For eight months I’d been busy being a mom and wife since Baby Pesh’s arrival. That was enough to deform my once slim feet into an ugly flat sight, thanks to wearing flat, open shoes. Pesh had grown into a slightly independent young girl and so pulling back into the employment highway was the next best thing. Like any other flamboyant job seeker I dropped my resume’ anywhere they could land.

No call backs came through for me, at least not until late August 2010 when one finally did. An appointment!  An interview! Finally! My excitement could only be brought down by a bucketful of ice water. I obviously called my husband and we both floated in the pending success. The joy however ended rather drastically as soon as the call dropped and the reality of a possible interview panel crossed my mind. I noted I didn’t really need a bucket of ice water. I quickly found myself a spot to sit on and psychologically prepare myself for what lay ahead. I had to do it well. I browsed the net for the company’s profile details, aims and every other unnecessary detail they put across. Crap! I even made sure I was on point on which ministers were in charge of the relevant sectors! By the time I was walking through the reception of the building where I was invited for the interview I felt like my mind would burst with all the answers I had to the un-asked questions.

I carefully scanned my well over 20 competitors’ faces searching for the slightest implication of fear or uncertainty. I assumed their feeding of fear would starve mine and I would end up a winner or close. Selfishness was my sole recipe’ in character in this case and I knew the rest too, prayed the same prayer. “God, This job is mine. You brought me here for a reason so I know it’s mine.” Seriously, if all 20 interviewees prayed this prayer, then I’m awfully glad I’m not God to answer them. Their dressing was exquisite with well-fitting ironed suits. Folders that most probably carried their life stories were held neatly under their arms. .I decided I needed a workable strategy to pull this off successfully.

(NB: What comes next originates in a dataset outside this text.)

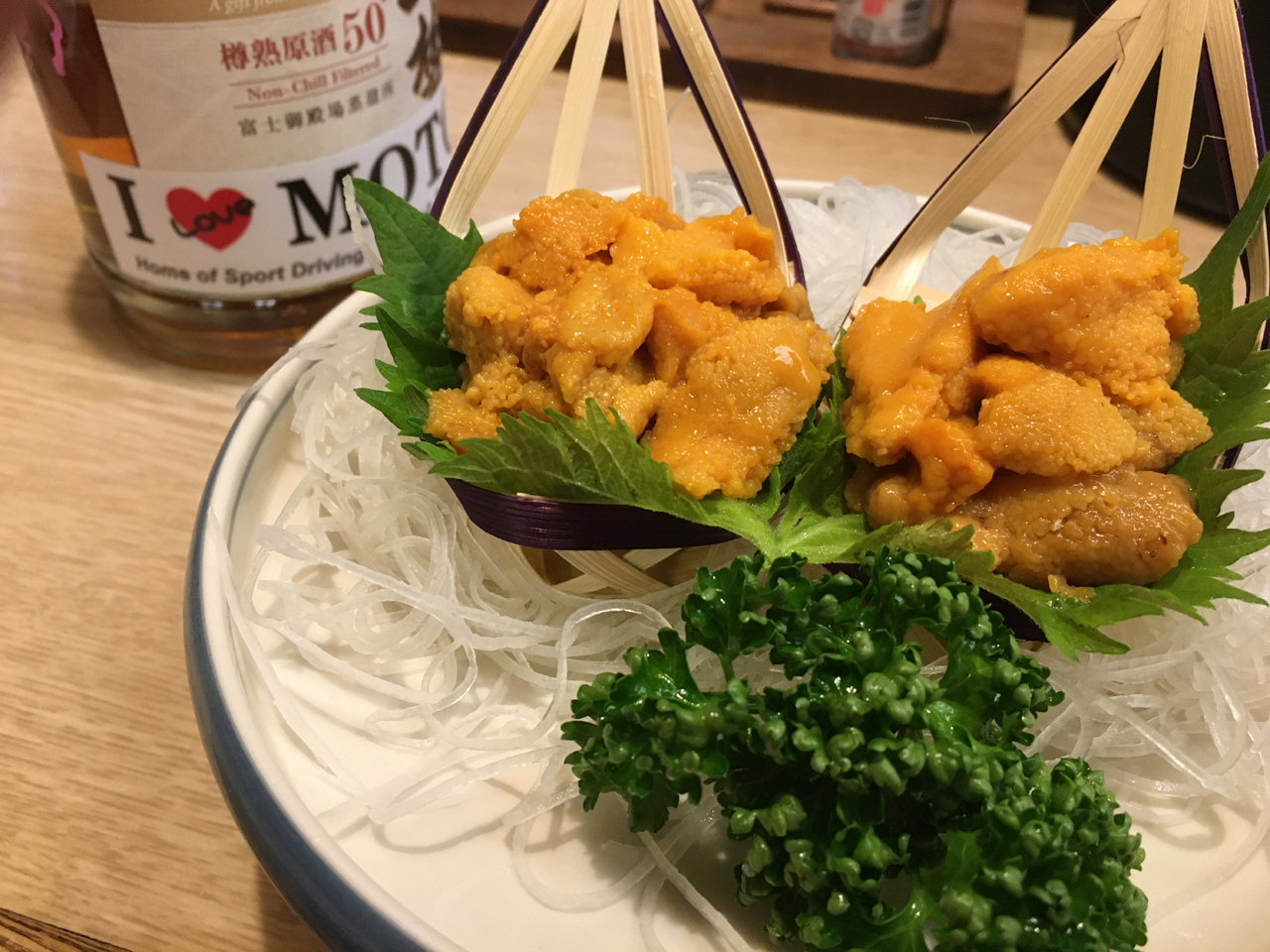 わさびの葉っぱの上の本わさびがたまらない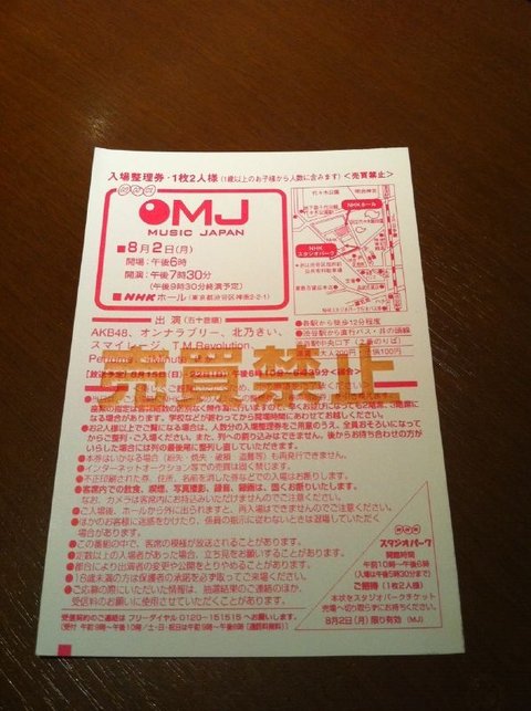 일본에 온다는 뉴스기사(한국)를 본 순간、혹시 MUSIC JAPAN에 출연하는게 아닌가 하는 생각이 들어、관람을 신청했습니다。하지만 출연자가、AKB48、Perfume처럼 일본을 대표하는 아이돌그룹이라서、당시의 경쟁율이 상당히 높았던 것으로 기억합니다。

I marched quietly to the nearest empty seat and squirmed in it until my name was called I struggled to be firm as my remaining competitors watched my every movement.  Those who had left before me had all variety of facial expressions. Some looked as fearful as a child who just got a painful jab in the ass, others smiled amid defeated-looking faces, it confused me on what to expect so I chose to hide my horror through my killer smile. Don’t ask what that means.

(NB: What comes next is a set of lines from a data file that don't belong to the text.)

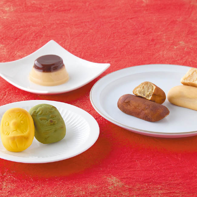 可愛らしいだるまと獅子舞をかたどったお饅頭に餡プリン等人気商品を詰め合わせました。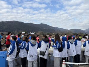 澄み切った空のもと、マラソンが始まると、給水作業だけでなく、ランナーに大きな声でエールを送りました。当日は季節外れの温かな陽気であったため、例年以上に給水をするランナーが多くいる印象でした。ランナーからはハイタッチとともに「ありがとう!」と感謝の声をたくさんいただきました。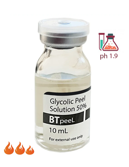 Гликолевая кислота является энхансером, разрушает межклеточные связи, обладает мощным стимулирующим воздействием на клетки дермы, нормализует клеточный метаболизм, стимулирует репаративный потенциал клеток. Пилинг с гликолевой кислотой разрыхляет роговой слой, отшелушивает клетки, стимулирует фибробласты, оказывает противовоспалительное и антисептическое действие. Показания к применению гликолевого пилинга: возрастные изменения, акне, постакне, гиперкератоз, гиперпигментация. ВАЖНО! Гликолевый пилинг BTpeel имеет очень низкий pH (=1,9), необходимо использовать НЕЙТРАЛИЗАТОР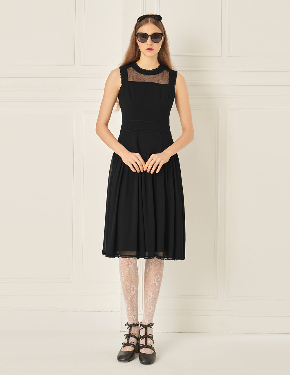 BORA AKSU Mesh Patchwork Lace Embellished Little Black Dress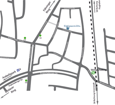 Föhringer Ring bei Ausfahrt Johanneskirchen verlassen, links abbiegen auf Johanneskirchnerstraße, nach ca. 1km rechts abbiegen auf Freischützstraße, nach ca. 850m links in Flaschenträgerstraße einbiegen, gleich rechts abbiegen und anschließend links in Lentnerweg einbiegen.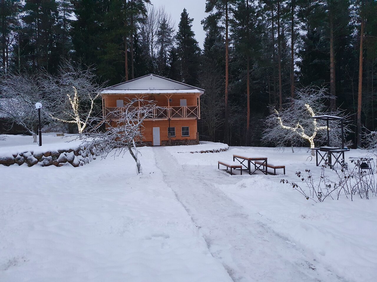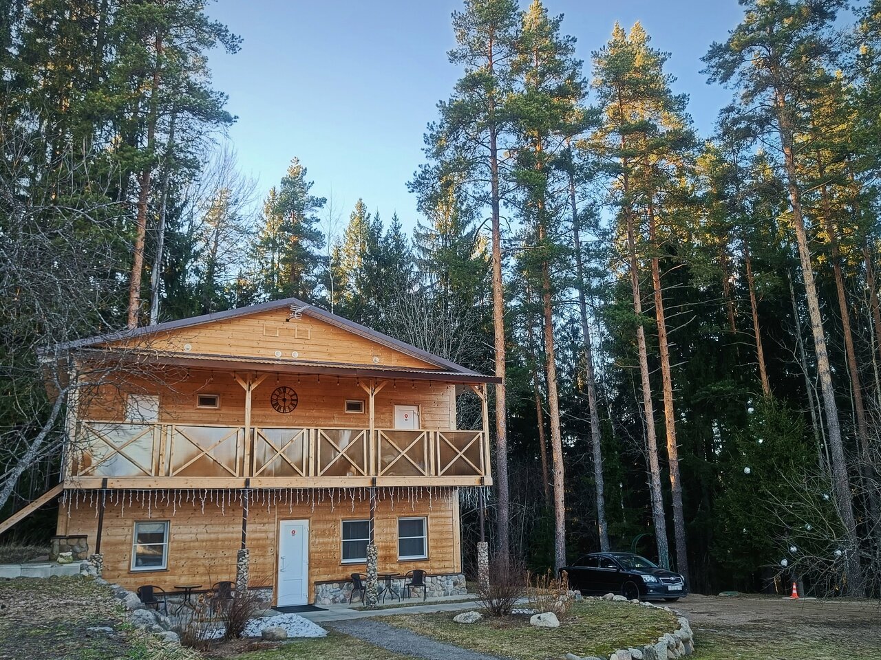 Отличное место. Комфортные номера, в каждом своя кухонька и санузел. Есть микроволновка и холодильник в каждом номере, на втором этаже электрокамины. Нет вайфая, но уверенно ловит 4G (хотя кто сюда поедет сидеть в интернете, не уверен, что это недостаток). Нет проблем с водой и канализацией, все комфортно и чисто. Ночью тихо и спокойно. Хозяева дружелюбные и приветливые. На территории беседка для летних посиделок, открытая зона с местом для костра, мангал, волейбольная площадка. Летом удобно загорать. Русская баня замечательная, в наличии веники и даже банные шапки. Расположение очень удобное — до города несколько километров, там же и ближайший магазин. Прекрасно отдохнули, всем крайне рекомендую!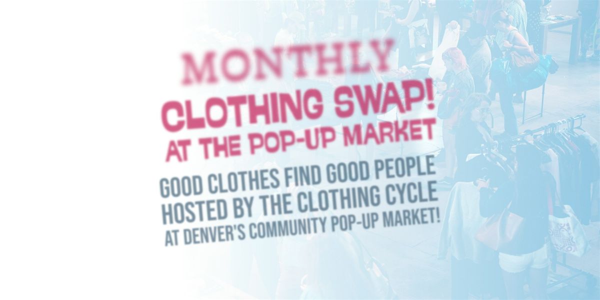 The clothing swap is hosted by @theclothingcycleshop and takes place inside Denver's Community Pop-Up Market, a full day of local shopping, community, and creativity, filling a multi-use warehouse with local makers, artists, and community all in one place.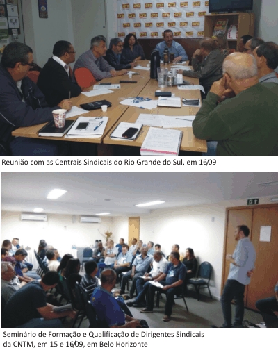 - Em 15 e 16/09, o supervisor técnico do Escritório Regional MG, Fernando Ferreira Duarte, e o técnico Anacleto dos Santos, da Subseção da Confederação Nacional dos Trabalhadores Metalúrgicos (CNTM-Força Sindical), falaram sobre Conjuntura do Ramo Metalúrgico, no Seminário de Formação e Qualificação de Dirigentes Sindicais da CNTM. A atividade foi realizada em Belo Horizonte.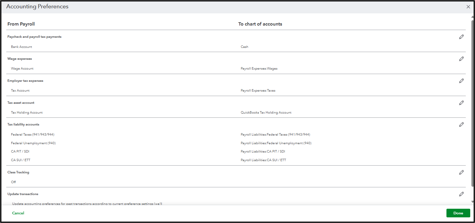 Once complete, the amounts for these items will automatically be transferred to their respective accounts in your Profit and Loss report. Refer to this article if you need more changes to your payroll settings: Change Your Accounting Preferences In QuickBooks Online Payroll.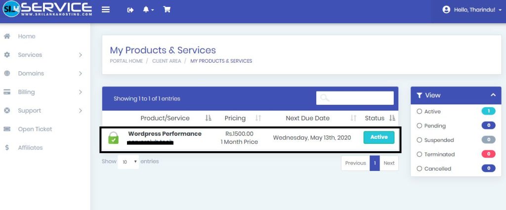 Now Click on the SERVICES. Then you will see your active services.

I walked in well, armed with my documents and a classy handbag which I knew best to keep on the floor next to my feet, right after the seat was offered. I then crossed my shaky legs under my seat to keep them from embarrassing me and at last faced the panel. It felt like judgement day.

“Your name?” one of them asked.I blurted it out. “Please spell?” I always do that to everyone I meet. I understand Fanne is not an easy name and my mother refused to tell me from whence she dug it up. The questions got harder and harder until I was asked if I had any questions for them. I obviously did. I was eventually sent home and promised a call back before the end of the day which if it were positive I’d go to the next level. It was just the beginning.

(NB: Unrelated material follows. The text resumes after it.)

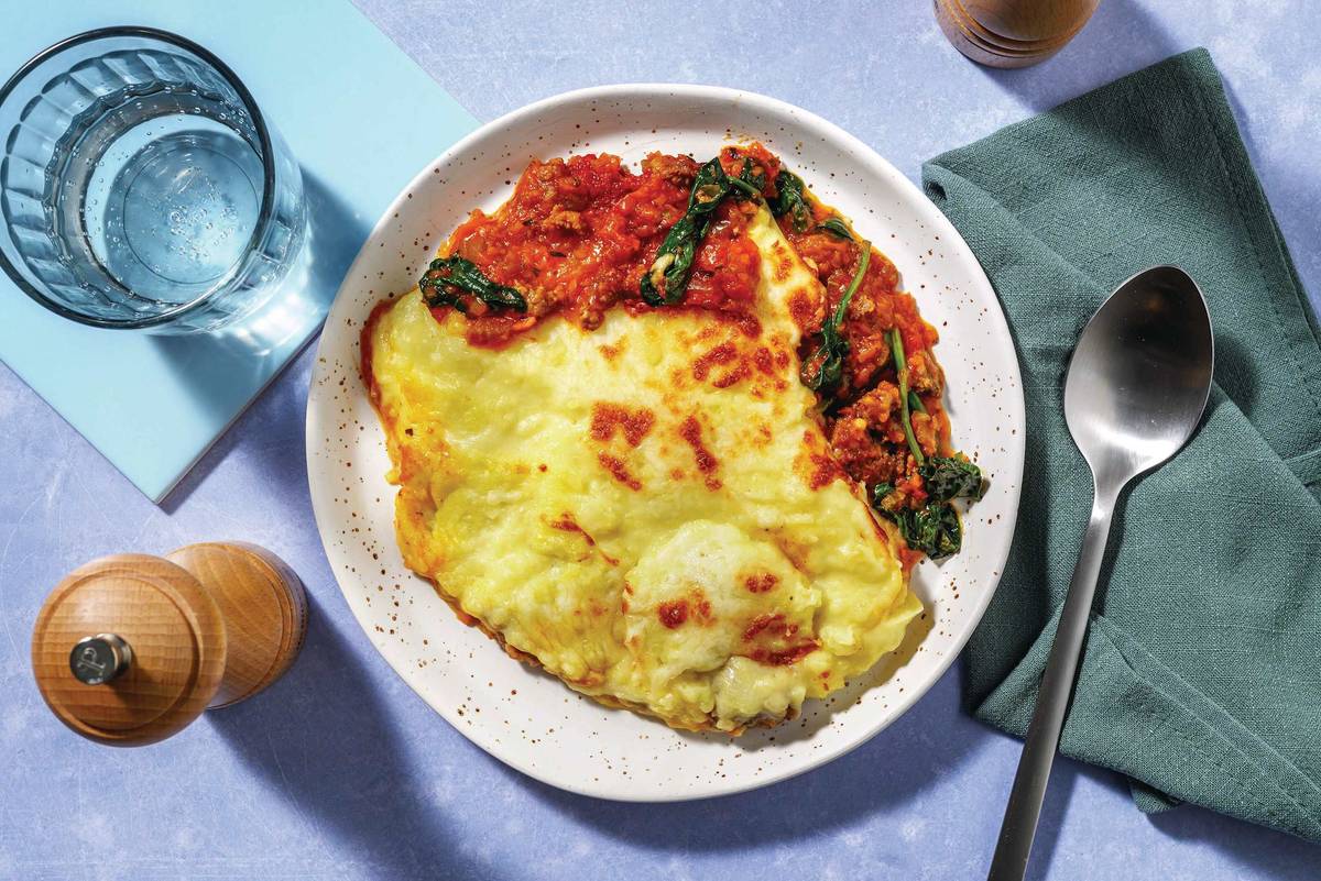 • Preheat oven grill to high. • Transfer mince filling to a baking dish and spread evenly with the mashed potato. • Sprinkle over shredded Cheddar cheese.

I went home feeling exhausted from all the nervousness and now I was anxious for the results. It didn’t make it better. I slept miserably since no one called me, and began nursing the wound the disappointment caused. Early the next day I was called and told to report for the second interview. Phew! I was too tired to get excited, yet I managed a stolen one at least to remind myself of a certain stranger I call hope.

Second interview brought to me some nostalgic memories. It was a written exam and I couldn’t remember half the things I was asked. I thought to do what my fellow mates did. Yes we all cheated in all sorts of ways. We used everything from texting to whispers and peeks, even Google. Thank god for Google. We all went home again to wait impatiently for the big call. This time I slept well. I was called late at around &pm and informed of my great success, even congratulated. I had qualified for the last stage which was yes another interview with the head of the company we were to work for. I still ask myself if this was really necessary. The lady shouldn’t have mentioned the position of the last interviewer. She only made it worse. I role played the interview about 76 times playing both the interviewer and I. I thought up all the possible questions to expect. I nearly killed myself. Still I felt I wasn’t ready. That was when the bad tooth arose from hell and began complaining. I carried some painkillers to the interview which eventually turned out well. The waiting that was destroying me was apparently good for me. By the time it was my turn he had been exhausted extensively and looked like the only thing he craved was his silent, never-busy office. He asked me two or three general questions and let me go. I was relieved and rushed straight to my dentist. The painkillers I’d taken were clearly doing a shoddy job and it had to be pulled out.

So I lost a tooth at the height of tension. Yeah, I too couldn’t believe it; but it would have been worse had all this not been worth it.